■ Aim of the exercise ■
Please write out exactly the lines from the opening of the listing through the line that holds "Πάκυ Καραλή με", including both, and nothing else; no pictures.

■ Information ■
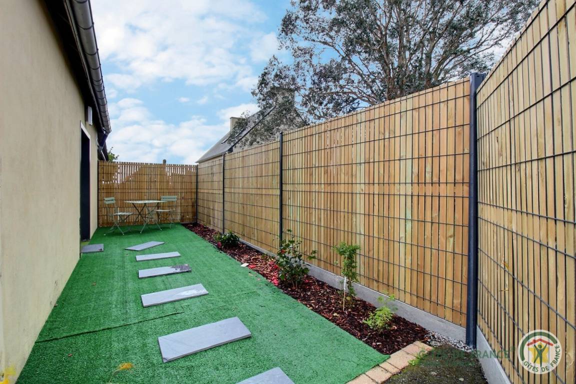 Ihre Ferienwohnung umfasst im Erdgeschoss: Wohnzimmer mit Zugang zur Terrasse, Einbauküche, 1 Schlafzimmer ohne Durchgang (1 Bett 140x190), Badezimmer (ebenerdige Dusche und WC). Obergeschoss: Entspannungslounge im Zwischengeschoss, 1 Schlafzimmer (1 Bett 140x190). geschlossener und geschlossener Innenhof von 40 m². Parken auf dem privaten Parkplatz am Eingang des Grundstücks. Gartenhaus zur Unterbringung von Fahrrädern und Strandausrüstung vorhanden...
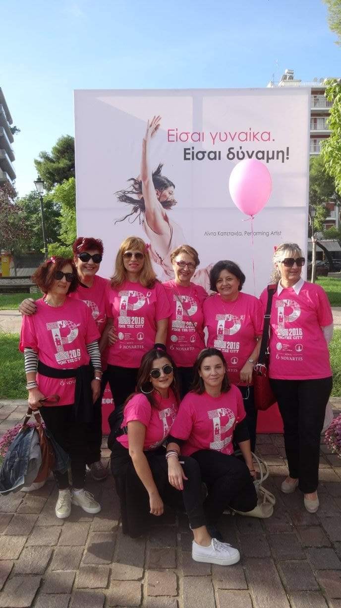 Πάκυ Καραλή με μέλη του συλλόγου στη δράση ''Pink the city'' που διοργανώνει κάθε χρόνο ο σύλλογος στην Πάτρα
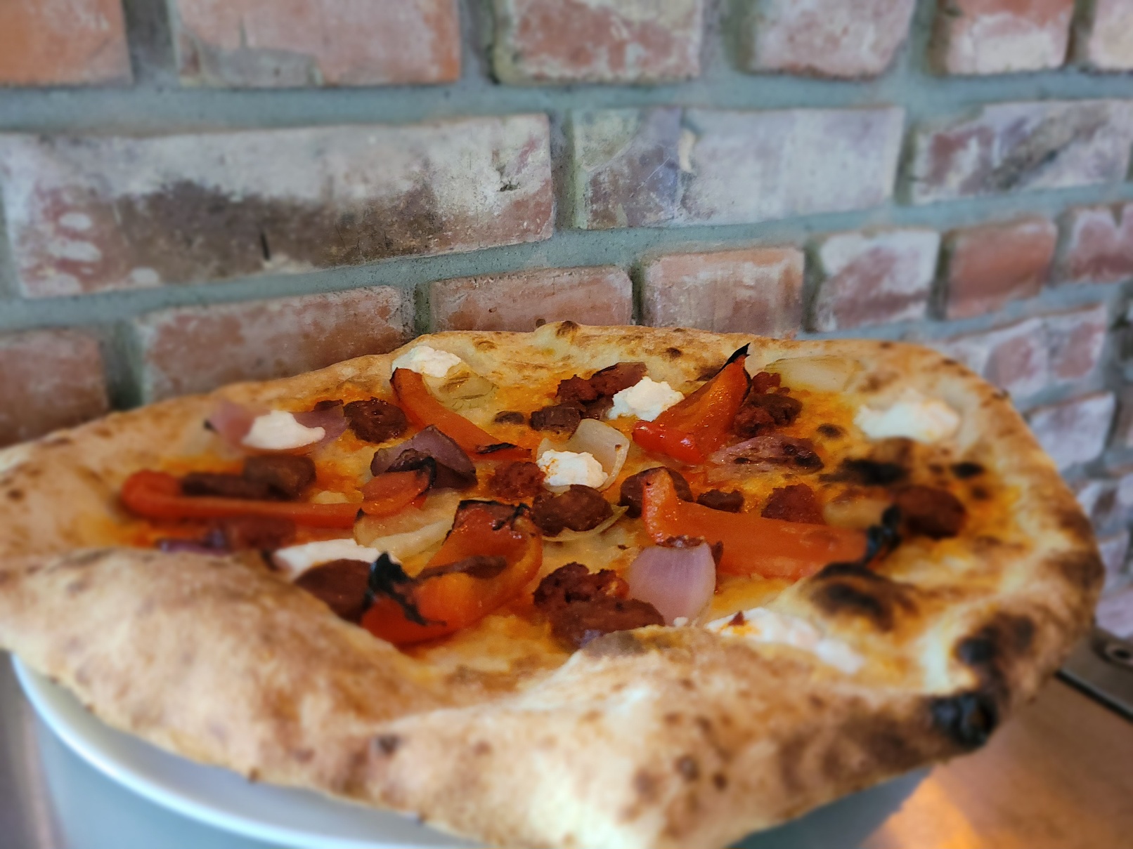Pizza w której główną rolę gra tuńczyk. Pozostałe składniki to mozzarella julienne, pecorino romano, rucola
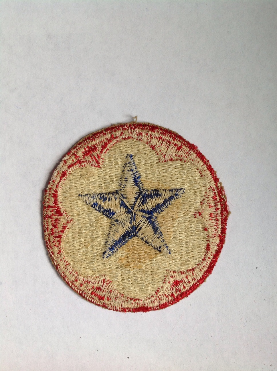 A blue five pointed star, one point up, 1 3/8 inches in diameter on a white background within a red border, outside diameter 2 1/4 inches, inside invected of six.
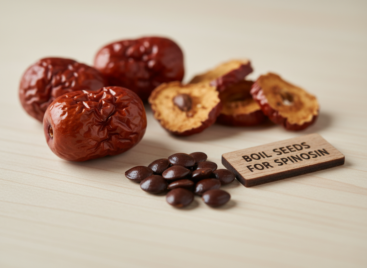 A: 생대추의 씨앗에는 미량의 독성이 있을 수 있으나, 이를 볶거나 물에 푹 끓이면 독성은 사라지고 오히려 신경 안정에 좋은 성분이 우러나옵니다. 따라서 차로 끓일 때는 씨를 제거하지 않는 것이 좋습니다.
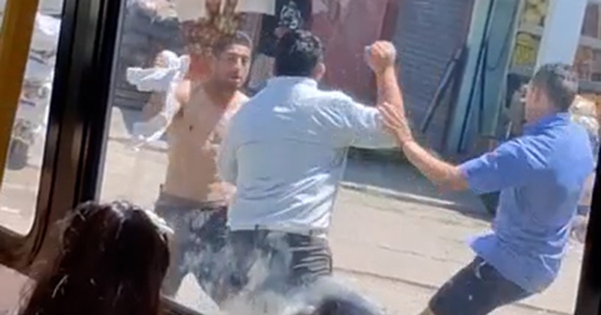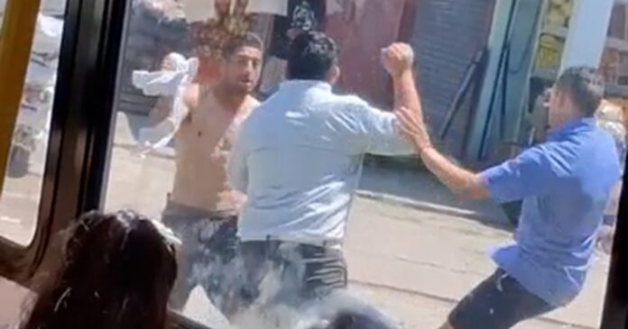 Las imágenes captaron el momento de la riña sobre la vereda. Se observa cómo los colectiveros fueron en dupla contra el joven, que se había quitado la remera. Cuando uno de ellos se dio vuelta, el pasajero que no tenía saldo en la SUBE comenzó a atacar con su cuchillo al otro y a avanzar sobre él, que intentó escapar corriendo hacia atrás al notar el arma blanca, pero trastabilló.

■ Written response ■
 Ihre Ferienwohnung umfasst im Erdgeschoss: Wohnzimmer mit Zugang zur Terrasse, Einbauküche, 1 Schlafzimmer ohne Durchgang (1 Bett 140x190), Badezimmer (ebenerdige Dusche und WC). Obergeschoss: Entspannungslounge im Zwischengeschoss, 1 Schlafzimmer (1 Bett 140x190). geschlossener und geschlossener Innenhof von 40 m². Parken auf dem privaten Parkplatz am Eingang des Grundstücks. Gartenhaus zur Unterbringung von Fahrrädern und Strandausrüstung vorhanden...
 Πάκυ Καραλή με μέλη του συλλόγου στη δράση ''Pink the city'' που διοργανώνει κάθε χρόνο ο σύλλογος στην Πάτρα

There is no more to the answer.